» Exercise instructions: All that is wanted is the lines from the first line of the listing below through the line containing "The Modrest Mingus", written out exactly with pictures left out.

» Given records:
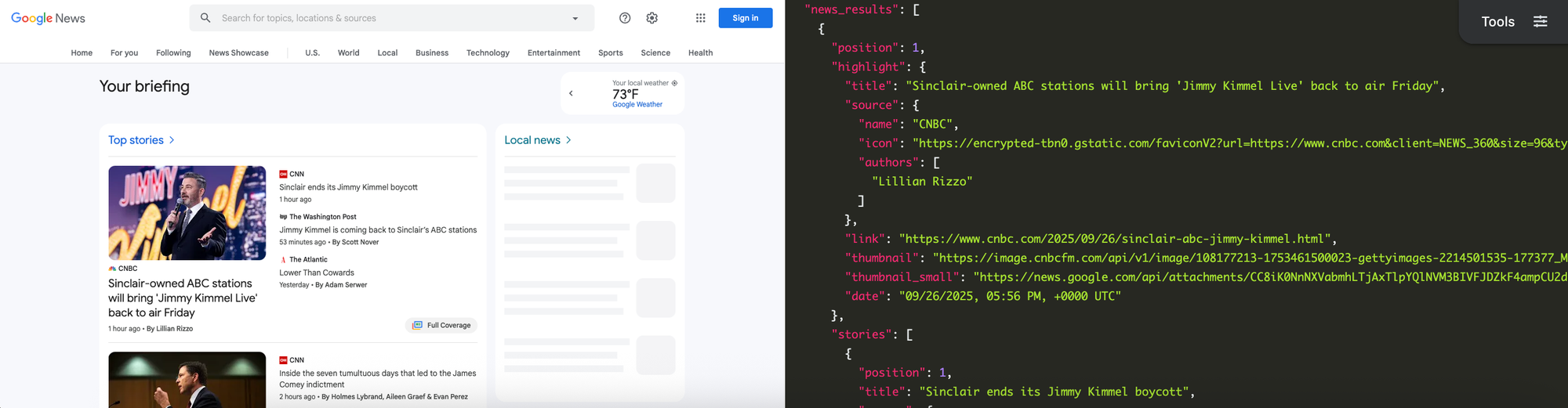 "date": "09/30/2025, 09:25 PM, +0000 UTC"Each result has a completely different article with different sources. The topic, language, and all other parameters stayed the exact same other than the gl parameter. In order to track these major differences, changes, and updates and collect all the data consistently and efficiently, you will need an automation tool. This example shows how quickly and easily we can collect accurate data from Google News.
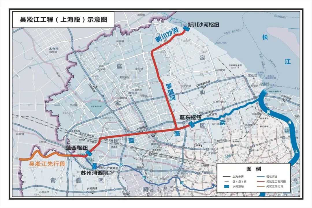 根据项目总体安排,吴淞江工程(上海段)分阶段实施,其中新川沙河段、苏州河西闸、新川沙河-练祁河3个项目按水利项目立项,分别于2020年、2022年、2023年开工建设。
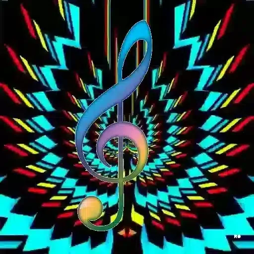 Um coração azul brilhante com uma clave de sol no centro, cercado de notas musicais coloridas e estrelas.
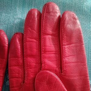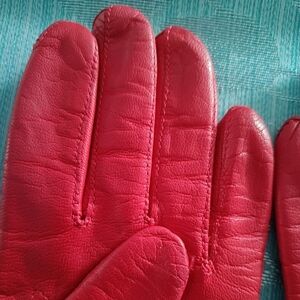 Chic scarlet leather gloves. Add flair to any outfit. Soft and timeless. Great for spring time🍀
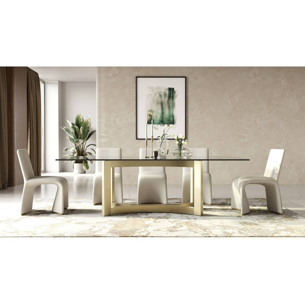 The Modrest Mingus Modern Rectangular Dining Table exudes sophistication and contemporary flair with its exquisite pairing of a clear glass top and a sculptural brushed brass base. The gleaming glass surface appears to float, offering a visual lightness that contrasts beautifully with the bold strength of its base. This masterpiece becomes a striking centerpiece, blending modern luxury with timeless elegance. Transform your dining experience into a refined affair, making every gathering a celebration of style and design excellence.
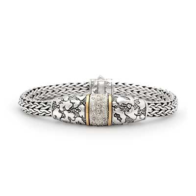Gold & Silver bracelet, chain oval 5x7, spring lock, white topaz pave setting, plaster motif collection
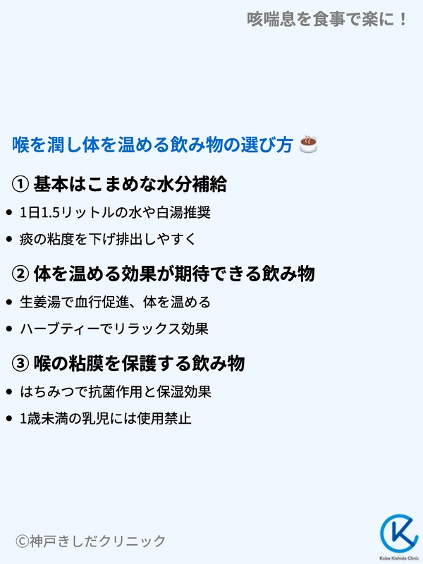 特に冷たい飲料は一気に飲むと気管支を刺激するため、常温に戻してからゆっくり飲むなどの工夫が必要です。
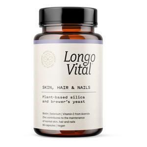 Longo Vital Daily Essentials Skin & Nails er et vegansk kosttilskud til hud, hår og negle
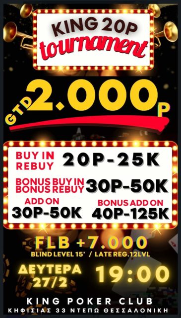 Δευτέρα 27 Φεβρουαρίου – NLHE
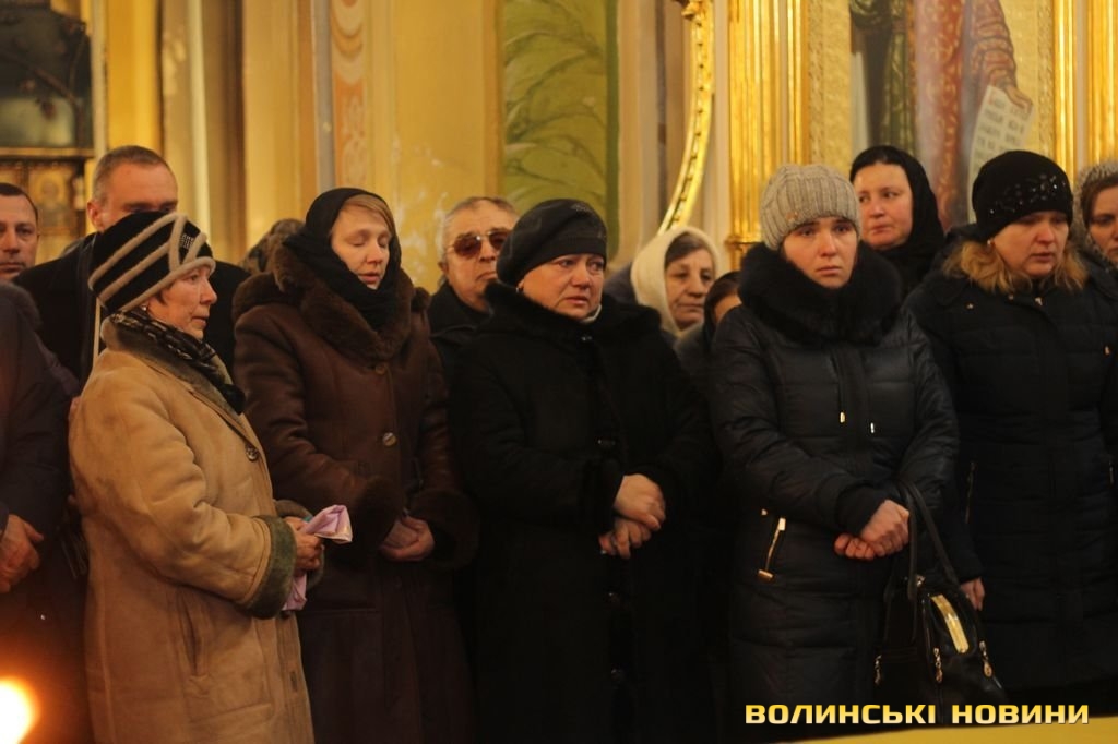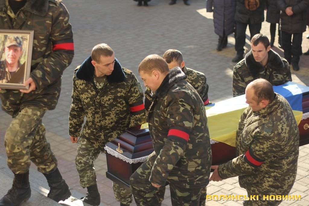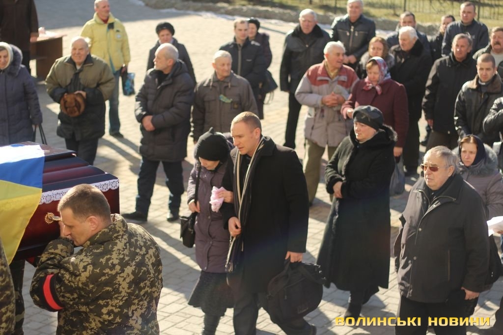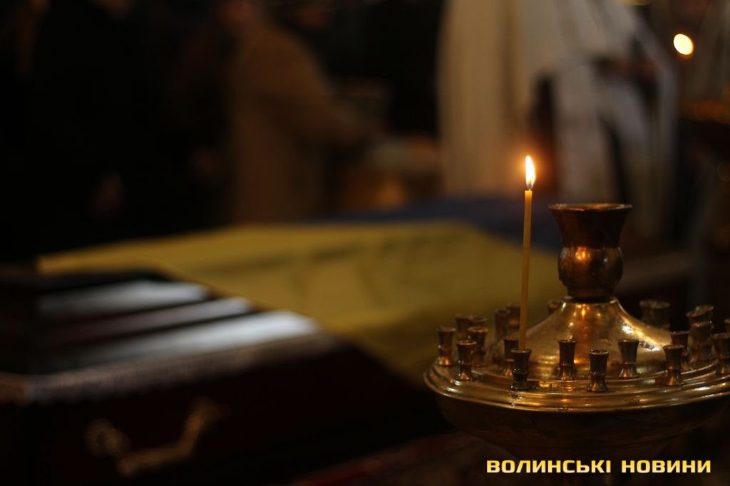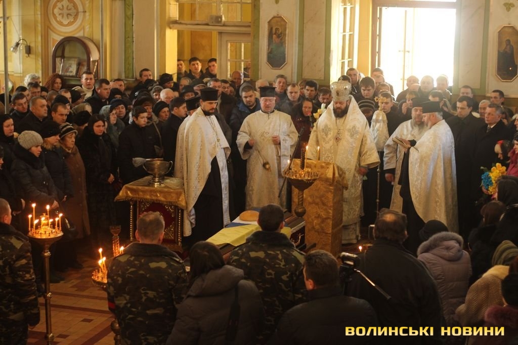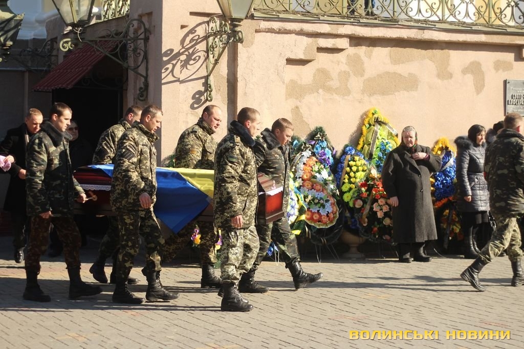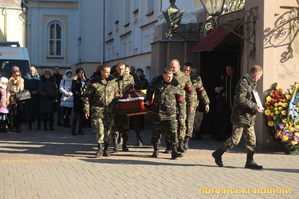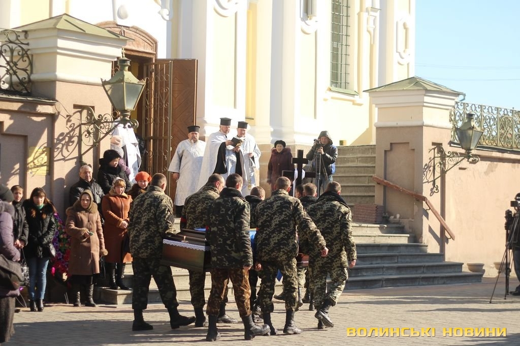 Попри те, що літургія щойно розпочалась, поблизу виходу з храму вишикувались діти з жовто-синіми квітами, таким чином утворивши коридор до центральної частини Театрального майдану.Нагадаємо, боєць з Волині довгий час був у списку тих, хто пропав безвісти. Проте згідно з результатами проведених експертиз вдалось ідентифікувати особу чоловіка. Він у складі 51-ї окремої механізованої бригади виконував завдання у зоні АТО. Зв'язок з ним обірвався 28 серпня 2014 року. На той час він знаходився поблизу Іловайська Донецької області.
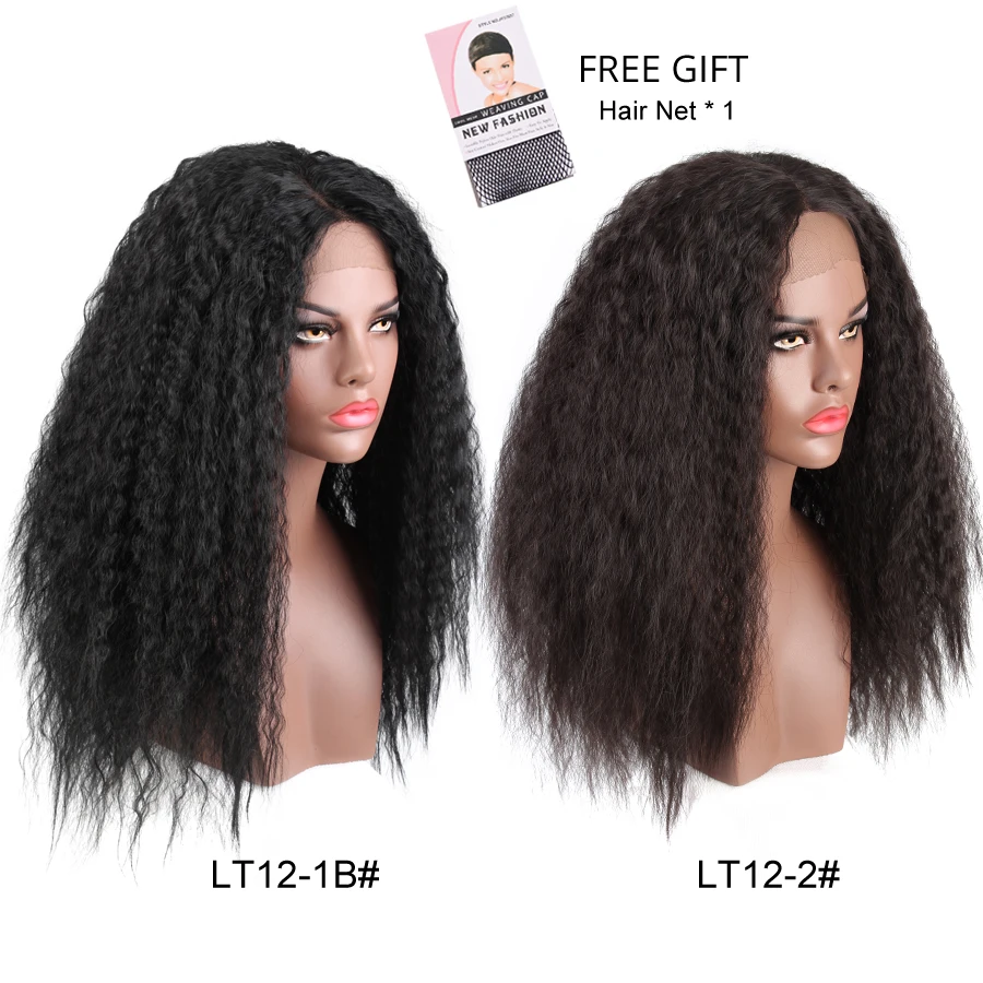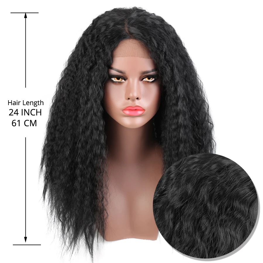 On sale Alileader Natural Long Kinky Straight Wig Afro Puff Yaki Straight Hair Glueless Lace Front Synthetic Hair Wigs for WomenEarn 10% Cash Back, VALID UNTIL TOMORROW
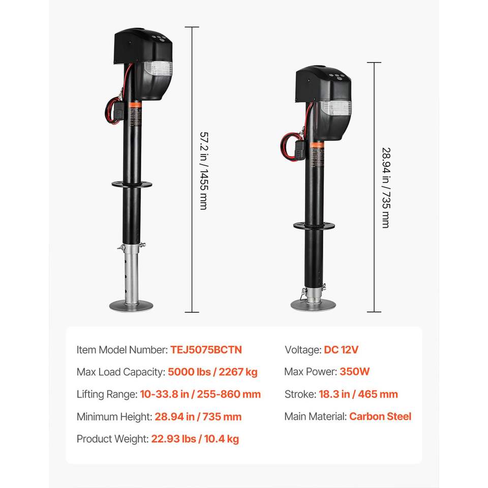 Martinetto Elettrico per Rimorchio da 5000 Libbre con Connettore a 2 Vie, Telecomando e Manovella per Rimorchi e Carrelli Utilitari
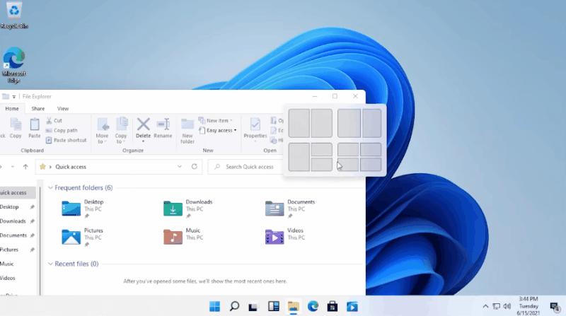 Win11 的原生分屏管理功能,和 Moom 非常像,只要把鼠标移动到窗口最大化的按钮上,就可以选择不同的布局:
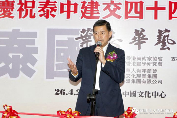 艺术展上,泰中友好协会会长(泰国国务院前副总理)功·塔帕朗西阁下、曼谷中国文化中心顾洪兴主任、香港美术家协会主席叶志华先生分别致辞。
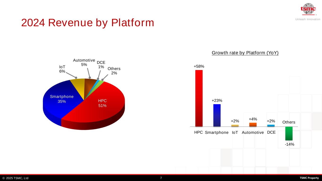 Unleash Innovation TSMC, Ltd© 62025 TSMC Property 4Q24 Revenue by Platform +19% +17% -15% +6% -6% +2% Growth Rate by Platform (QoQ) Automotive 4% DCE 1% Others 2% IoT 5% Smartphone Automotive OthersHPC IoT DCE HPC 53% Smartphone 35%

» Answer box:
 "date": "09/30/2025, 09:25 PM, +0000 UTC"Each result has a completely different article with different sources. The topic, language, and all other parameters stayed the exact same other than the gl parameter. In order to track these major differences, changes, and updates and collect all the data consistently and efficiently, you will need an automation tool. This example shows how quickly and easily we can collect accurate data from Google News.
 根据项目总体安排,吴淞江工程(上海段)分阶段实施,其中新川沙河段、苏州河西闸、新川沙河-练祁河3个项目按水利项目立项,分别于2020年、2022年、2023年开工建设。
 Um coração azul brilhante com uma clave de sol no centro, cercado de notas musicais coloridas e estrelas.
 Chic scarlet leather gloves. Add flair to any outfit. Soft and timeless. Great for spring time🍀
 The Modrest Mingus Modern Rectangular Dining Table exudes sophistication and contemporary flair with its exquisite pairing of a clear glass top and a sculptural brushed brass base. The gleaming glass surface appears to float, offering a visual lightness that contrasts beautifully with the bold strength of its base. This masterpiece becomes a striking centerpiece, blending modern luxury with timeless elegance. Transform your dining experience into a refined affair, making every gathering a celebration of style and design excellence.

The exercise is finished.